## Task to complete
When the data below is printed, every line must match exactly and the images must be absent.

#### Stored data

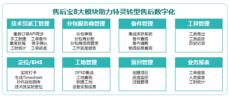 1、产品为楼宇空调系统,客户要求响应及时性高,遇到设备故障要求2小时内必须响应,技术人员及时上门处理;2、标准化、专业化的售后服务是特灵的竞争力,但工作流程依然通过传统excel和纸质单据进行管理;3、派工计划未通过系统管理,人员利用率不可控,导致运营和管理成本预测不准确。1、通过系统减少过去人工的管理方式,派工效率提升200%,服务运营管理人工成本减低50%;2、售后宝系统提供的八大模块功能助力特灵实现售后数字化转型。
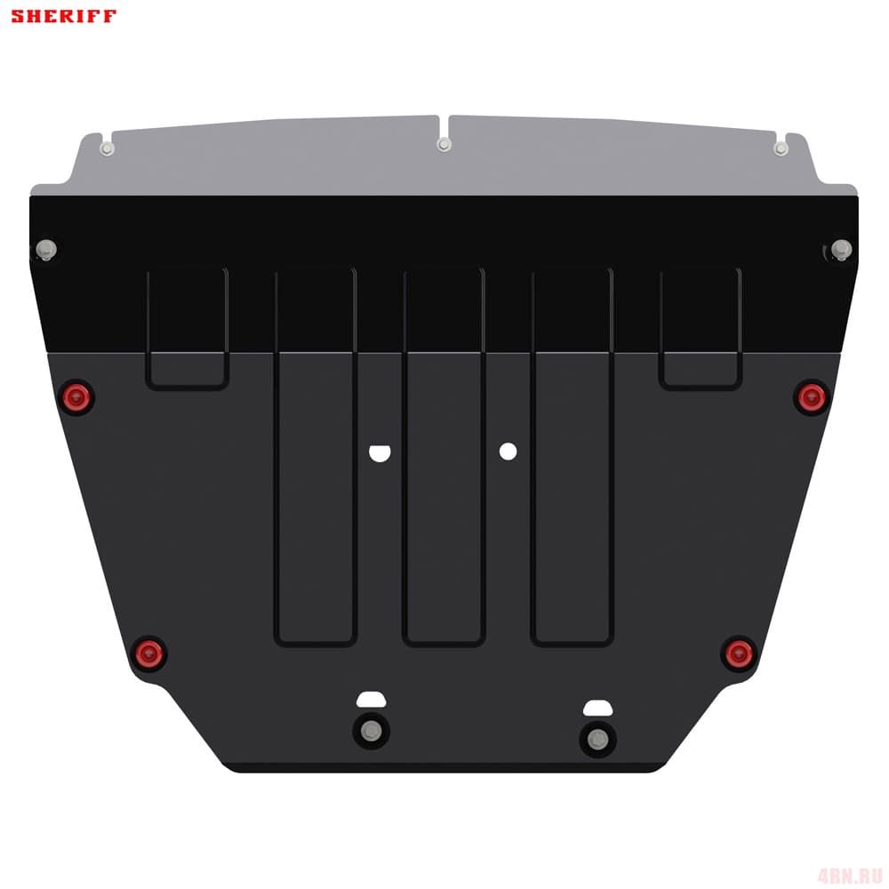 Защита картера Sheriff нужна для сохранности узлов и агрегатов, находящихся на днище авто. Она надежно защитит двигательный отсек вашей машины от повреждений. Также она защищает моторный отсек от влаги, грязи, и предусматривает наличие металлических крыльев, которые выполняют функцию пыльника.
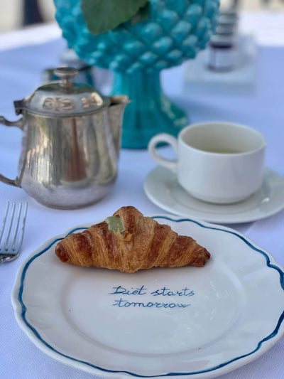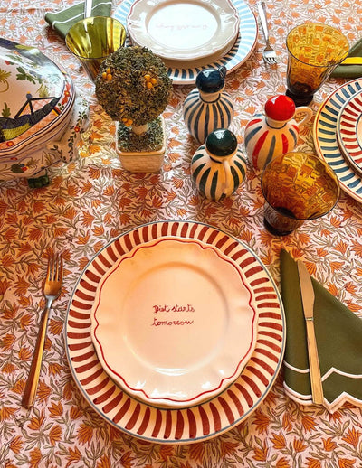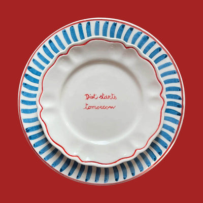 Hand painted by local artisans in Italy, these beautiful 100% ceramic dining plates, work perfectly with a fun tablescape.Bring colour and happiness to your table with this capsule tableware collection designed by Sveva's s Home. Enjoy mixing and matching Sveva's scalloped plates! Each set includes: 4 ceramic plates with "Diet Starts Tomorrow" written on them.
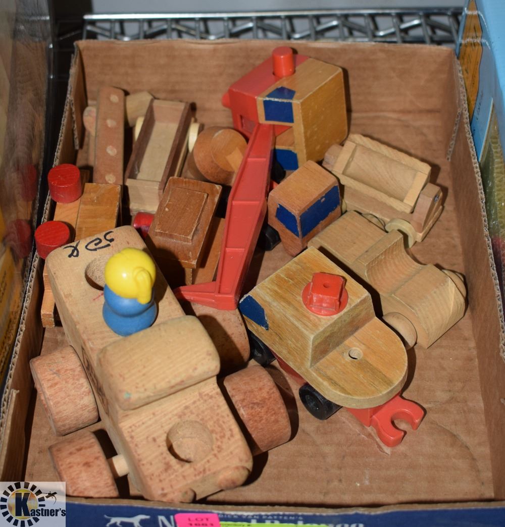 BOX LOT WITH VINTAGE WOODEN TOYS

########

## Final answer
 1、产品为楼宇空调系统,客户要求响应及时性高,遇到设备故障要求2小时内必须响应,技术人员及时上门处理;2、标准化、专业化的售后服务是特灵的竞争力,但工作流程依然通过传统excel和纸质单据进行管理;3、派工计划未通过系统管理,人员利用率不可控,导致运营和管理成本预测不准确。1、通过系统减少过去人工的管理方式,派工效率提升200%,服务运营管理人工成本减低50%;2、售后宝系统提供的八大模块功能助力特灵实现售后数字化转型。
 Защита картера Sheriff нужна для сохранности узлов и агрегатов, находящихся на днище авто. Она надежно защитит двигательный отсек вашей машины от повреждений. Также она защищает моторный отсек от влаги, грязи, и предусматривает наличие металлических крыльев, которые выполняют функцию пыльника.
 Hand painted by local artisans in Italy, these beautiful 100% ceramic dining plates, work perfectly with a fun tablescape.Bring colour and happiness to your table with this capsule tableware collection designed by Sveva's s Home. Enjoy mixing and matching Sveva's scalloped plates! Each set includes: 4 ceramic plates with "Diet Starts Tomorrow" written on them.
 BOX LOT WITH VINTAGE WOODEN TOYS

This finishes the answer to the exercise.